On Thu, Jun 10, 2010 at 11:30 AM, Anthony Laverty
<anthonylav@googlemail.com> wrote:
> Hi Austin
>
> That's helpful, thanks, and good points about my memory considerations
> and perhaps using a log scale
>
> Unfortunately, what i really want to be able to do is choose a group
> of hospitals (say 15) which are closest in Euclidean distance terms to
> hospital A over all months, rather than just the one closest hospital.
> I was planning to aggregate these for the whole of the time period at
> the end, if that makes things any easier.
>
> In terms of more detail i'm not sure if it helps to say that this was
> relatively easy to work out in excel, using a different column for
> each time period; a row for each hospital and the number of patients
> for each time period in a table like this.
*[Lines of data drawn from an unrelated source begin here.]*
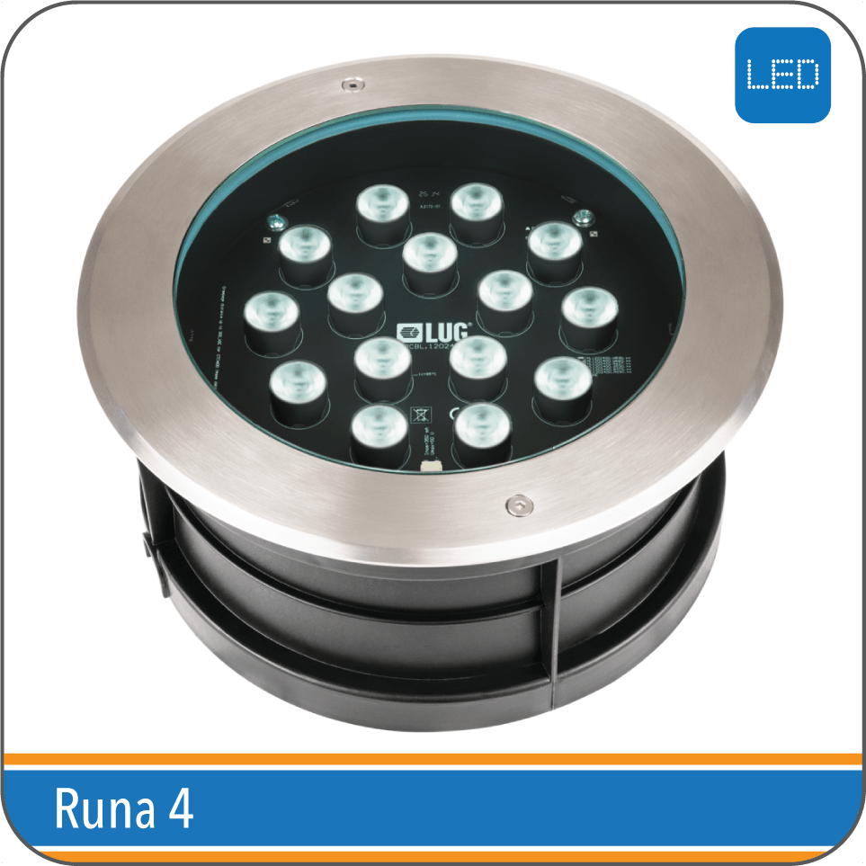 RUNA is a family of in-ground luminaires which lend themselves to decorative, architectural and 'drive over' applications.
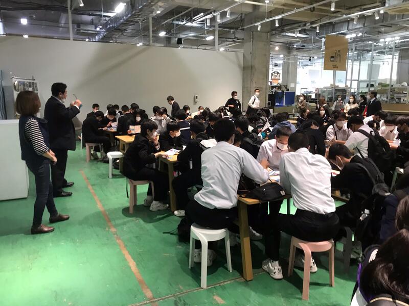 2022年11月8日 16時16分スモールワールズ東京に到着しました。説明を聞き、SDGsのクイズラリーに挑戦するようです。
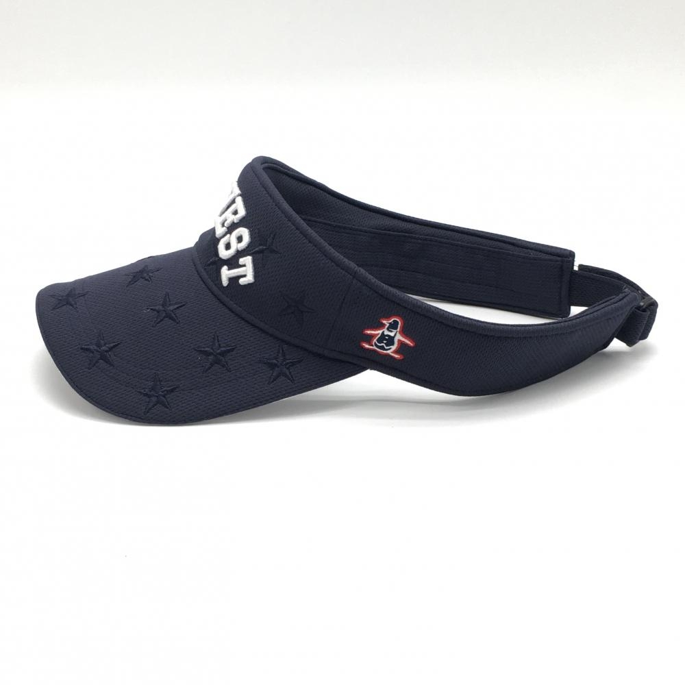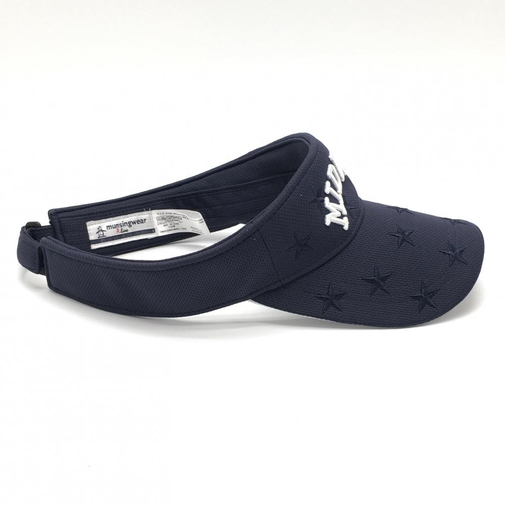 【超美品】マンシングウェア サンバイザー ネイビー 星総柄 立体ロゴ F(56-60cm) ゴルフウェア Munsingwear
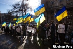 Поки в Нацраді тривало засідання, біля відомства зібрався мітинг. Громадські активісти та ветерани АТО вимагали припинити дію ліцензії радіостанції «Вести».
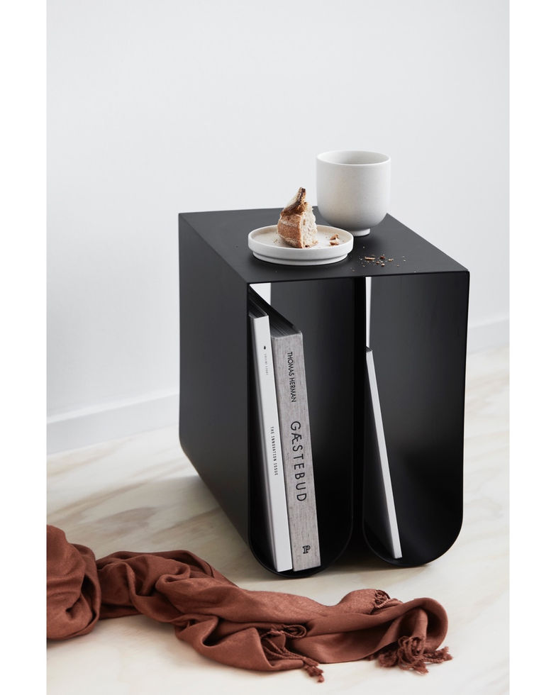 שולחן הצד החדש והפיסולי של סטודיו Kristina Dam. השולחן עשוי מתכת מנימליסטית צבועה או בגרסא של פלדת אל חלד. צורות הקשתות בבסיס השולחן יוצרות אלמנט עיצובי, פונקציונאלי ועכשווי .
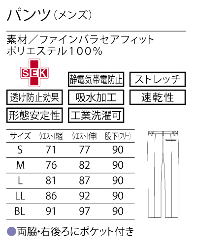 ソフトな肌触りと伸縮性 ストレートシルエット ・両脇、右後ろにポケット付き 【素材】ファインバラセアフィット(ポリエステル100%)SEK、制電、ストレッチ、防透、吸水、速乾、形態安定、工業洗濯可

Then, it was quite easy to
> work out the distances with the equation subtracting different
> hospitals' numbers from each other, using if statements to match on
> time. The new data i have is too big for Excel to do this, which is
> why i have turned to stata (and statalist)
>
> Thanks for your consideration
>
> Anthony
>
>
> On Thu, Jun 10, 2010 at 2:59 PM, Austin Nichols <austinnichols@gmail.com> wrote:
>> Anthony Laverty <anthonylav@googlemail.com> :
>> If you have N hospitals at T points in time, then you will have NTxN
>> squared distances in your variables, and if they are doubles you may
>> well run out of memory long before that, but if all you want is the
>> nearest hospital, then you want one variable per hospital giving the
>> identity of the nearest (over all months, you seem to suggest). You
>> might also want to compute distance on a log scale, or some other
>> metric. With more detail on your problem, you may get a better answer.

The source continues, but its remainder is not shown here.